Hi,
Here is a python function that converts a ped file to a nexus file as used by SNAPP. I am not sure about the specific requirements of SplitTree, but you can try.
It assumes that your ped is encoded with 12 instead of ACGT. You obtain such a ped from a standard ped with
plink --file <in_filename> --recode12 --out <out_filename>
then run within python:
ped_to_nexus(ped_fn, nexus_fn, n_individuals=<number of individuals>)

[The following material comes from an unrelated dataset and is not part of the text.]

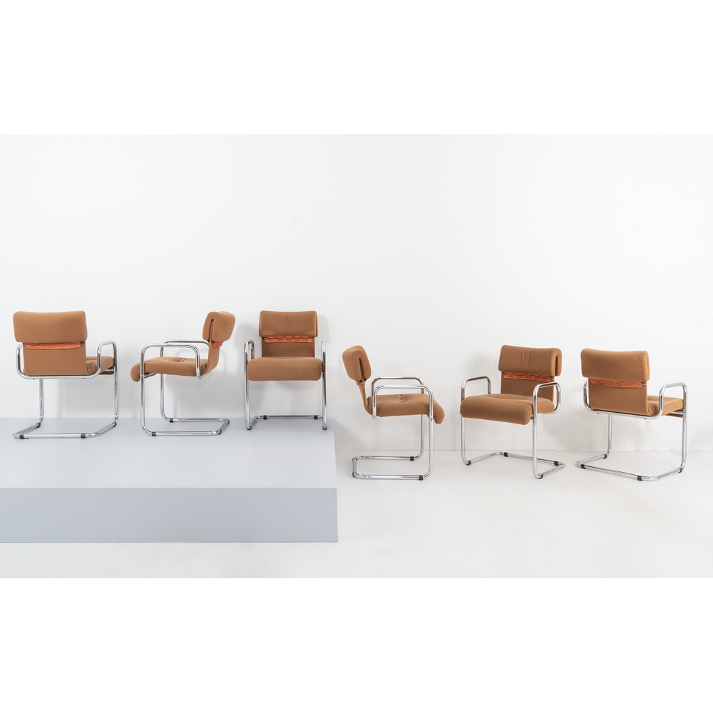 Sei poltroncine con struttura in metallo tubolare cromato. Spalliera e seduta con imbottitura e rivestimento in tessuto senape con dettagli in cuoio.

The function is attached below.
Best,
Hannes
def ped_to_nexus(ped_fn, nexus_fn, individual_names=None, n_individuals=None,
max_name_len = 12, comments=None,dominant=False):
"""
Write snps from ped file to nexus alignment file.

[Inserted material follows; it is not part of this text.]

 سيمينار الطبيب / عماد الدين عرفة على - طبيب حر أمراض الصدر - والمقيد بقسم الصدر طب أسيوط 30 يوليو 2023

Attention: The bed file has to be encoded with:
0.. missing
1.. first allele
2.. second allele
Such a ped file can be obtained from a regular ped file
with "plink --file <in_filename> --recode12 --out <out_filename>"
This function assumes that individuals are diploid.
The two haploid columns in the ped become a single genotype (0/1/2)
in the nexus file.
-------Parameters---------
individual_names... list of individual (or taxa) names
if not supplied, the names from the bed file are used
n_individuals... number of individuals (ntax in the nexus format)
(if not supplied, the length of indiviudal_names is used)
max_name_len... maximal number of characters of individual names,
used to determine intent of alignments
comments... list of strings that are added to the nexus header as comments
alternatively, it can be a single string
dominant... if True, the 0 allele is assumed to be dominant and the resulting
nexus file is encoded 0/1 instead of 0/1/2
"""
#
assert individual_names is not None or n_individuals is not None,\
"specify either individual names or the total number of individuals"
if individual_names is not None and n_individuals is not None:
assert len(individual_names) == n_individuals,\
"number of individual names must equal argument n_individuals"
if n_individuals is None:
n_individuals = len(individual_names)
if individual_names is None:
individual_names = [None]*n_individuals
with open(ped_fn,"r") as bf, open(nexus_fn,"w") as nf:
nf.write("#NEXUS\n")
if comments is not None:
if not isinstance(comments, basestring):
for comment in comments:
nf.write("[{}]\n".format(comment))
else:
nf.write("[{}]\n".format(comments))
for i,(line,name) in enumerate(zip(bf,individual_names)):
if i >= n_individuals:
break
fields = line.split()
if name is None:
name = fields[0]
n_whitespace = max_name_len + 1 - len(name)
assert n_whitespace >= 1, "max taxon name length is " \
+ str(max_name_len) + " but name is " + name
data = fields[6:]
if i == 0:
if dominant:
symbols = "01"
else:
symbols = "012"
nf.write("\nBegin data;\n"
" Dimensions ntax={} nchar={};\n"
' Format datatype=integerdata symbols="{}" missing=? gap=-;\n'
" Matrix\n".format(n_individuals,len(data)/2,symbols))
nf.write(name)
nf.write(" " * n_whitespace)
for i in xrange(0,len(data),2):
h0 = int(data[i])
h1 = int(data[i+1])
if h0!=0 and h1!=0:
gt = h0 + h1 - 2
if dominant:
#assume 0 allele is dominant
gt = int(gt/2)
gt = str(gt)
else:
gt = "?"
nf.write(gt)
nf.write("\n")
nf.write(" ;\nEnd;")
Is there a way to do this with standard 0/1 binary? Your method works with --recode12, but SNAPP requires 1/0's.
I can convert to BED format to get a binary file, but I have no way to convert to nexus from there. Help!
Any follow-up on this? It's been a long time this question was posted and maybe you found a way to do it. I would be glad to find a solution to it!